CROSS-REFERENCE TO RELATED APPLICATIONS

This U.S. non-provisional patent application claims priority under 35 U.S.C. §119 of Korean Patent Application No. 10-2009-0123357, filed on Dec. 11, 2009, the entire contents of which are hereby incorporated by reference.

BACKGROUND

The present invention herein relates to a fiber laser, and more particularly, to a fiber laser that can tune two wavelengths.

Since Terahertz wave with a frequency range of 0.1 THz to 3 THz (1 THz=10¹² Hz) is similar to the resonance frequency of molecules of nonmetallic and nonpolar material, Terahertz wave makes it possible to discriminate these molecules in real time by non-destructive, non-opening, or non-contact method. Terahertz wave is on the rise as a technique capable of providing analysis technique of unprecedented new concept in the fields of medicine, medical science, agricultural food, environment measuring, bio, high-tech material evaluation, etc.

Also, Terahertz wave is rapidly widening its applications to various fields. Since Terahertz wave is a very low energy of several meV and does not have an influence on human body, its demand is sharply increasing as an essential core technique for realizing anthropocentric ubiquitous society. However, research and development of a technique for generating Terahertz wave do not catch the demands. For example, a laser generating Terahertz wave does not satisfy real time, portable and low price requirements at the same time.

SUMMARY

The present disclosure provides a fiber laser that can oscillate a laser beam having two independent wavelengths to generate Terahertz wave.

The present disclosure also provides a fiber laser that can satisfy real time, portable and low price requirements at the same time.

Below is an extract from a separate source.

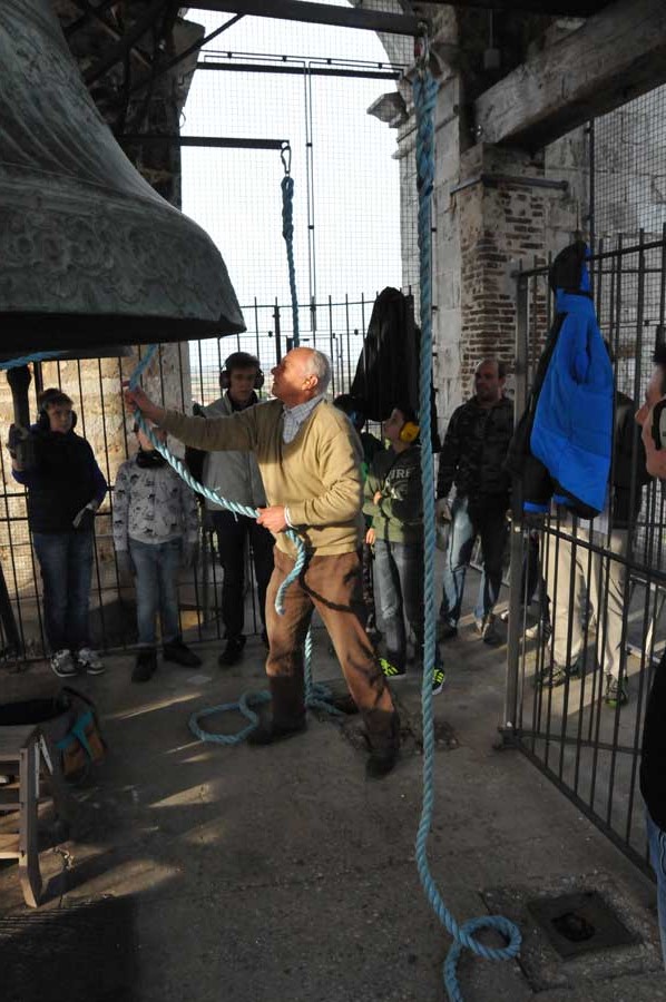 Es waren so viele neue Erkenntnisse, die wir dann auch gleich in die Praxis umgewandelt erleben durften, so das sich für uns eine Lehrstunde im Glockenspiel echter Kirchenglocken ergab. Und tatsächlich erhielten die Jungen und Mädchen auch kontinuierlich Anweisen, was zu tun sei. Es bereitete allen sichtbar Freude, trotz des einen oder anderen Misstones, der zwangsläufig durch ständige Wechsel am Zugseil jeder einzelnen Glocke passierte. ES muss auch wirklich anstrengend sein, den richtigen Schwung beizubehalten, wie die Schweißperlen trotz November bewiesen.

Embodiments of the inventive concept provide fiber lasers comprising: a light source generating a laser beam; first and second resonators first and second resonators resonating the laser beam into first and second wavelengths; and a coupler separating the laser beam generated in the light source to the first and second resonators and feeding back the laser beam having the first and second wavelengths resonated respectively in the first and second resonators to the light source.

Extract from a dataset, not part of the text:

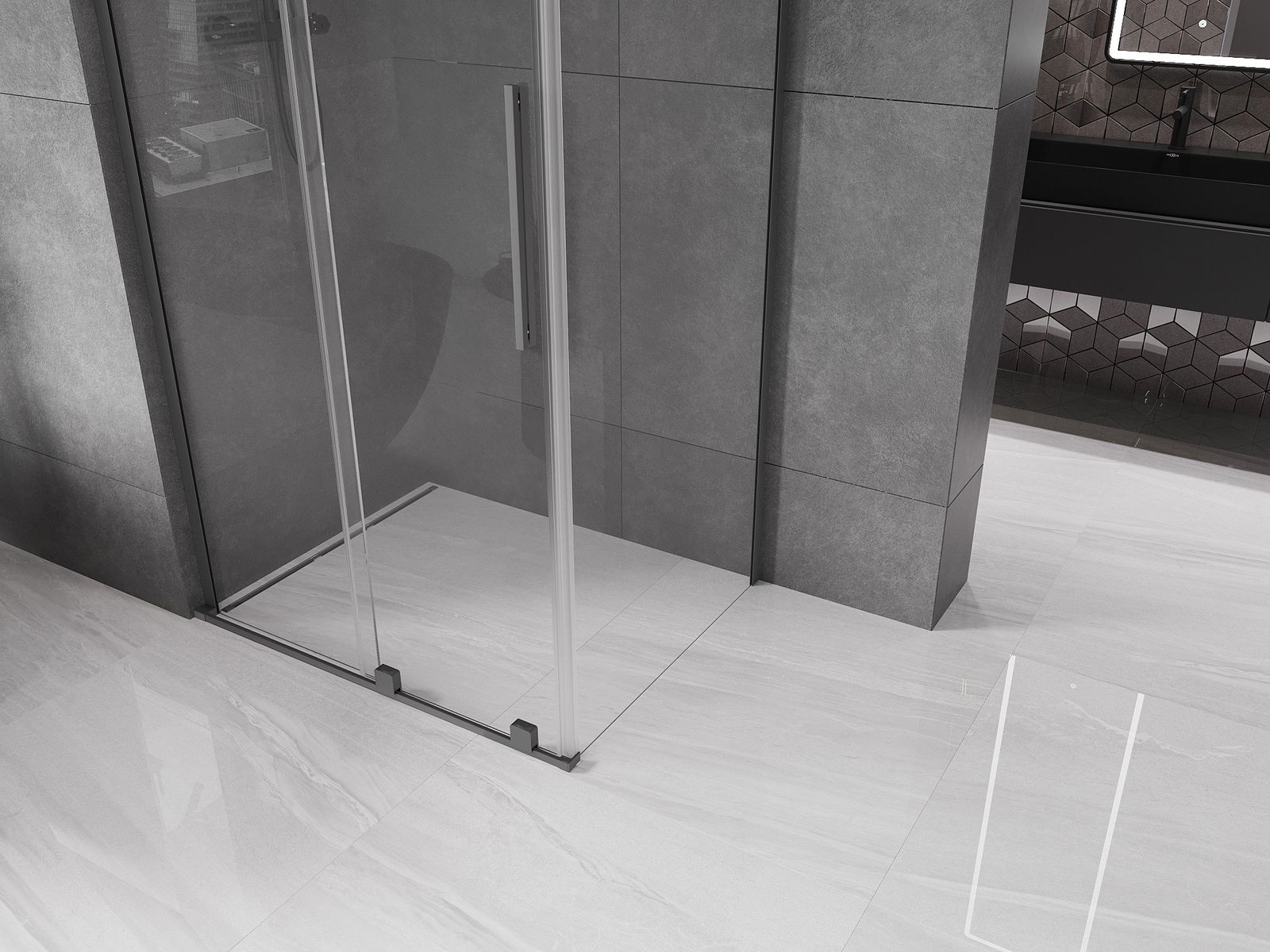 Dzięki zastosowaniu uniwersalnego systemu mocowania, drzwi prysznicowe mogą zostać zamontowane z prawej lub z lewej strony, zależnie od potrzeb. Dzięki temu możesz z łatwością zaprojektować prysznic dopasowany do przestrzeni łazienki.

In some embodiments, the first and second resonators may comprise second and third optical fibers branched from the coupler, and first and second Bragg gratings respectively connected to the second and third optical fibers.

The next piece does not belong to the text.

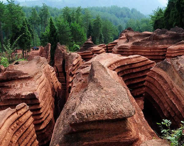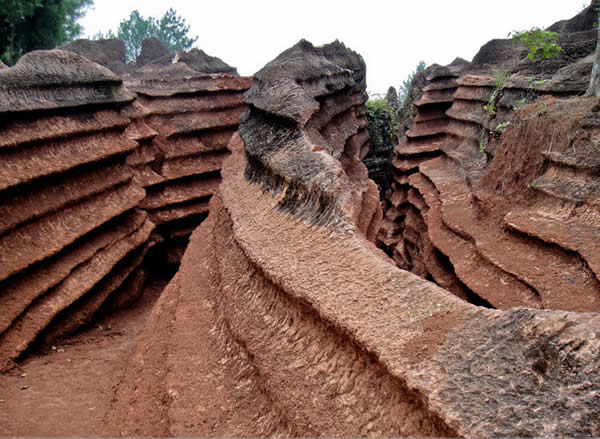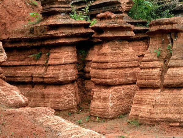紅石林 告別船工后一切便突然安靜下來(lái),過(guò)山谷的小路沒(méi)有人家,偶爾傳來(lái)幾聲清脆的鳥(niǎo)叫。穿過(guò)幾座隘口,峰回路轉(zhuǎn)后“石林”漸漸露臉,石頭的顏色是由灰白到棕紅,變幻而又使人聯(lián)想。間或一棵參天大樹(shù),或是綠竹三兩棵,則又是另一番景致了。于高于低、于肥于瘦的石林,于石于樹(shù)、于濃于淡的色彩,顯得雄奇又雋秀,并透露出一種清靈飄逸。 這些石柱不但顏色各異,而且大小不等。有的高達(dá)七、八米,而有些則像半埋于地下的巨獸骨架。一位村民告訴記者,現(xiàn)在石林沒(méi)有以前壯觀(guān),都長(zhǎng)渣子(灌木)了。原因是由于山頂樹(shù)木減少,雨水將泥土帶下山,很多石頭都被埋在土下,后來(lái)這些地方都開(kāi)墾了農(nóng)田,石林也被永久覆蓋。 由于泥土覆蓋,石林被切割成一個(gè)個(gè)小區(qū)域,有些隱蔽在果林中,而有些則像突然從天而降,散落田間。

In other embodiment, each of the first and second Bragg gratings may comprise an optical fiber Bragg grating or a polymer Bragg grating.

In still other embodiments, the first and second resonators may further comprise at least one translator stage straining the first and second Bragg gratings.

In even embodiments, the first and second resonators may comprise first and second stabilizing light sources supplying stabilizing laser beams respectively stabilizing the laser beams having the first wavelength and the second wavelength, and first and second resonant couplers connecting the first and second stabilizing light sources to the second and third optical fibers, respectively.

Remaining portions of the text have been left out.